Paolo Scaroni, Amministratore Delegato Eni - presentazione della mostra Caravaggio a Porto Ercole

"L'esposizione a Porto Ercole del San Giovanni Battista di Caravaggio è la più recente testimonianza dell'impegno di eni nella promozione della cultura. Nella tradizione di questa grande azienda c'è da sempre la passione per le sfide. Siamo stati tra i primi a immaginare che le nostre capacità di essere attori nell'energia potessero portare buoni risultati anche in un mondo apparentemente lontano dal nostro, come quello delle arti, dello spettacolo e della scienza.
Nel corso degli ultimi anni abbiamo scommesso su una formula espositiva originale che prevede, come nel caso del San Giovanni, la presentazione di un'unica opera e la realizzazione di strumenti di approfondimento che ne mettano in luce le caratteristiche, la storia, gli aneddoti. Abbiamo dimostrato di essere innovativi e di averela capacità di progettare eventi culturali, dalla fase di ideazione, alla comunicazione, fino alla loro diffusione sul territorio.
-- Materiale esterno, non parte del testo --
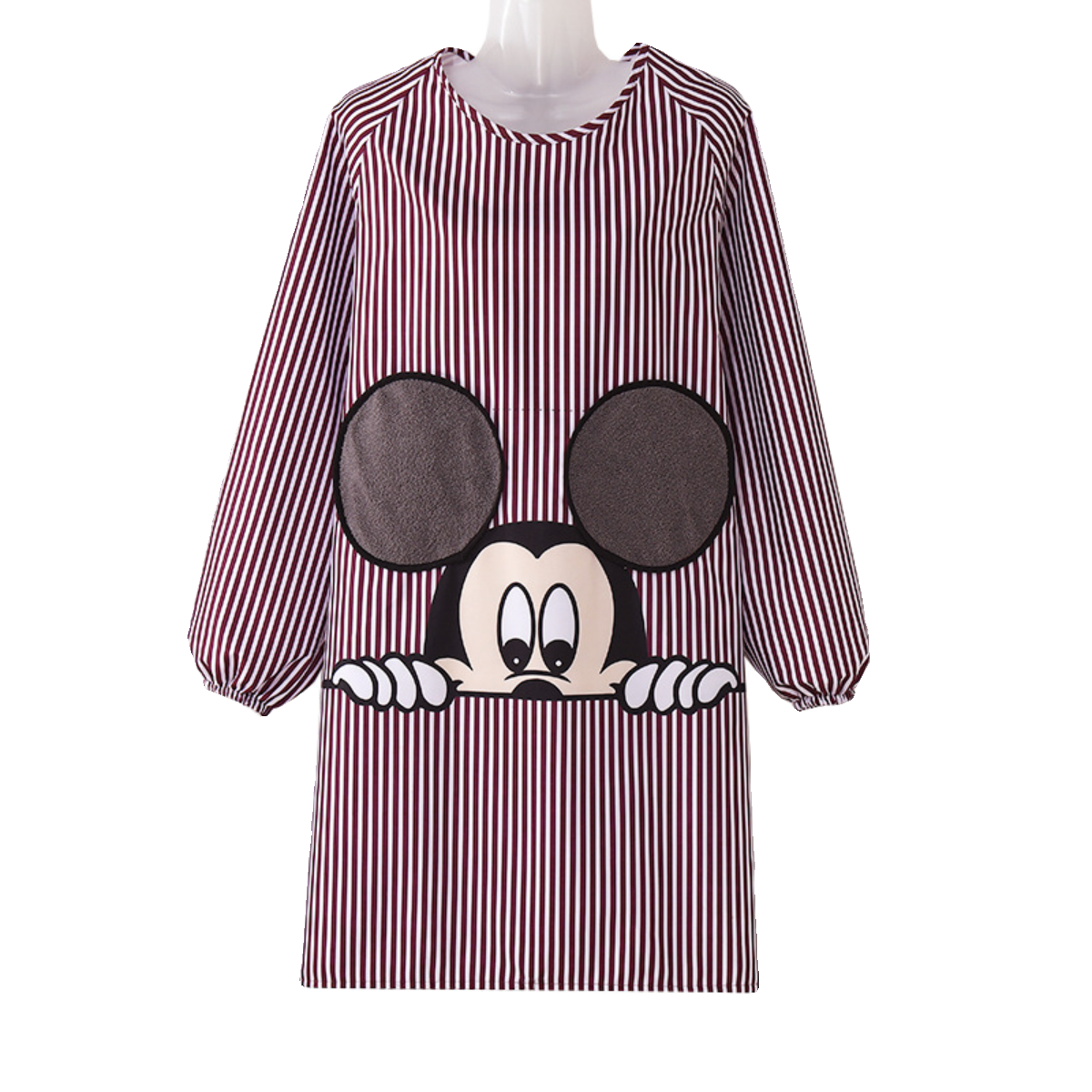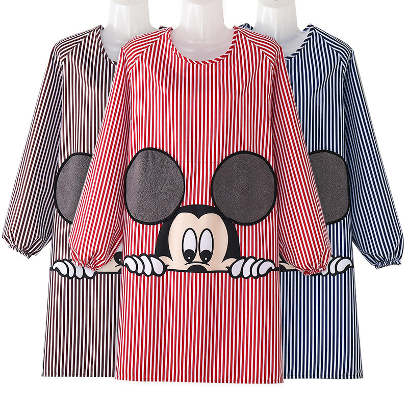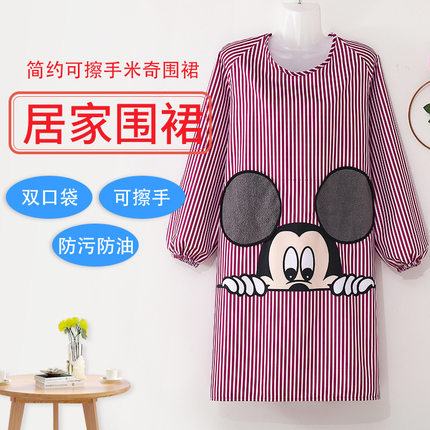 新款防泼水反穿衣米奇长袖围裙可擦手防水防油厨房做饭罩衣围腰

Tutto ciò è stato possibile grazie a una strategia basata sul rovesciamento del vecchio concetto di sponsorship a favore di una visione più attiva, dinamica e consapevole del rapporto tra impresa e cultura. L'evento di Porto Ercole è dunque segno di una volontà che va ben oltre la promozione di un marchio: è la consapevolezza dei benefici della cultura sulla società, un messaggio su cui vale la pena investire ancora per alimentare con nuova linfa lo sviluppo di domani."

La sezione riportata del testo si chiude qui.